- Data below:
****

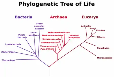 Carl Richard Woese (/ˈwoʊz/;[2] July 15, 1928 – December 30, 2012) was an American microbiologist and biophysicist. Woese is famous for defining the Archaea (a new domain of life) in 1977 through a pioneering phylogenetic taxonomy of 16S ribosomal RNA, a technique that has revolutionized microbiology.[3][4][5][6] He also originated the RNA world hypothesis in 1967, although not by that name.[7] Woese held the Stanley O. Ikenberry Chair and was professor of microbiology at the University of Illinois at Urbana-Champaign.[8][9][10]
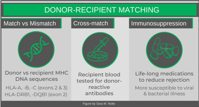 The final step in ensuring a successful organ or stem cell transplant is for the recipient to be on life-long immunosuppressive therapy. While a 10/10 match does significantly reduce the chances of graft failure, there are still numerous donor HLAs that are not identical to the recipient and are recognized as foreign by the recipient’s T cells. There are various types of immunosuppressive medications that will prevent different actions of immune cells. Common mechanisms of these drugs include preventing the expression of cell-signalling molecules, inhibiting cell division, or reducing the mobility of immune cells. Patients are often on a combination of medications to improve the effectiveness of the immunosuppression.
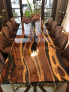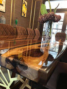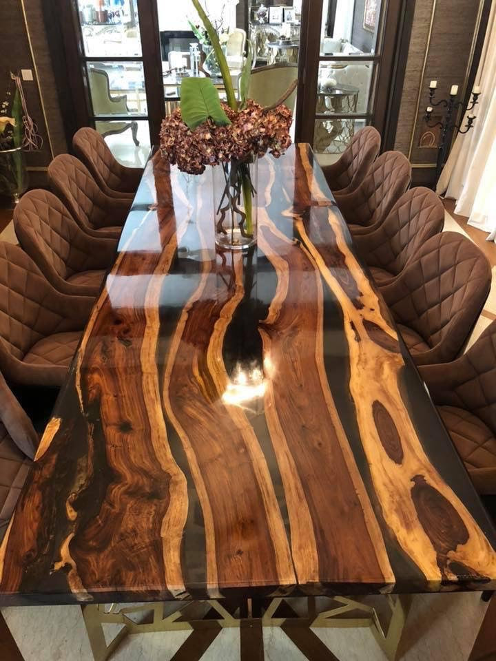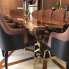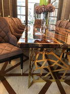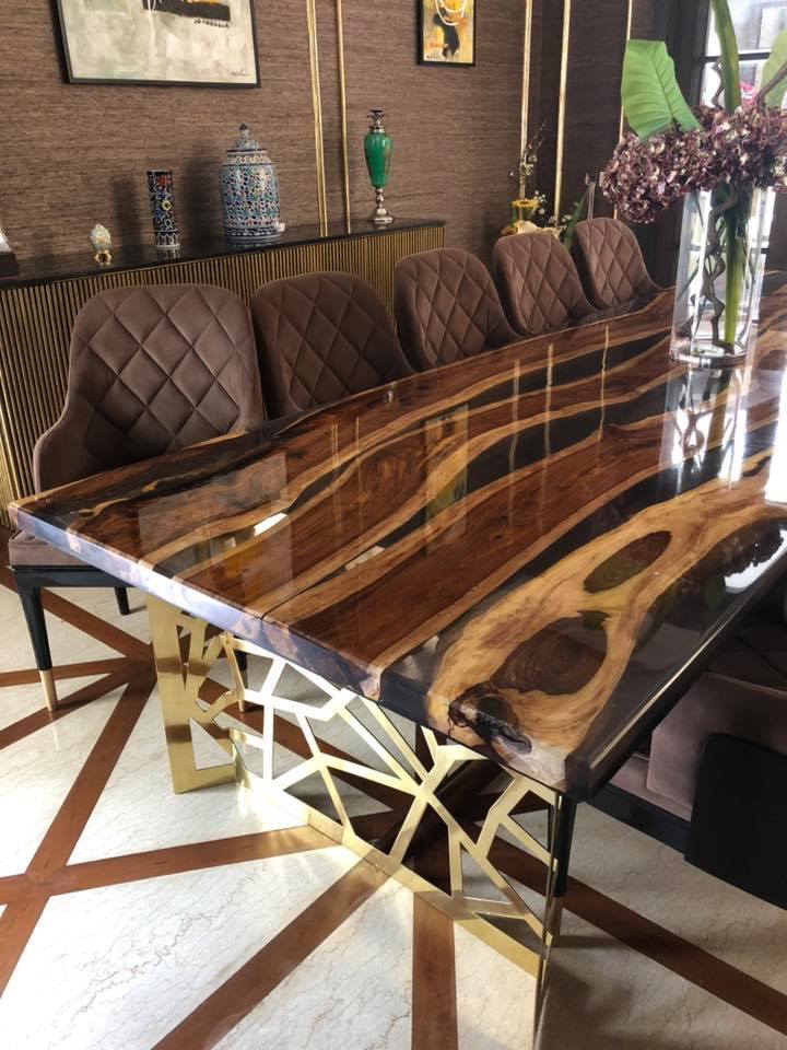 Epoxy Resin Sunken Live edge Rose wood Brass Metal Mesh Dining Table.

****

- What to produce:
Could you repeat all of the material exactly? Pictures should not be copied.

- Solution to this problem:
 Carl Richard Woese (/ˈwoʊz/;[2] July 15, 1928 – December 30, 2012) was an American microbiologist and biophysicist. Woese is famous for defining the Archaea (a new domain of life) in 1977 through a pioneering phylogenetic taxonomy of 16S ribosomal RNA, a technique that has revolutionized microbiology.[3][4][5][6] He also originated the RNA world hypothesis in 1967, although not by that name.[7] Woese held the Stanley O. Ikenberry Chair and was professor of microbiology at the University of Illinois at Urbana-Champaign.[8][9][10]
 The final step in ensuring a successful organ or stem cell transplant is for the recipient to be on life-long immunosuppressive therapy. While a 10/10 match does significantly reduce the chances of graft failure, there are still numerous donor HLAs that are not identical to the recipient and are recognized as foreign by the recipient’s T cells. There are various types of immunosuppressive medications that will prevent different actions of immune cells. Common mechanisms of these drugs include preventing the expression of cell-signalling molecules, inhibiting cell division, or reducing the mobility of immune cells. Patients are often on a combination of medications to improve the effectiveness of the immunosuppression.
 Epoxy Resin Sunken Live edge Rose wood Brass Metal Mesh Dining Table.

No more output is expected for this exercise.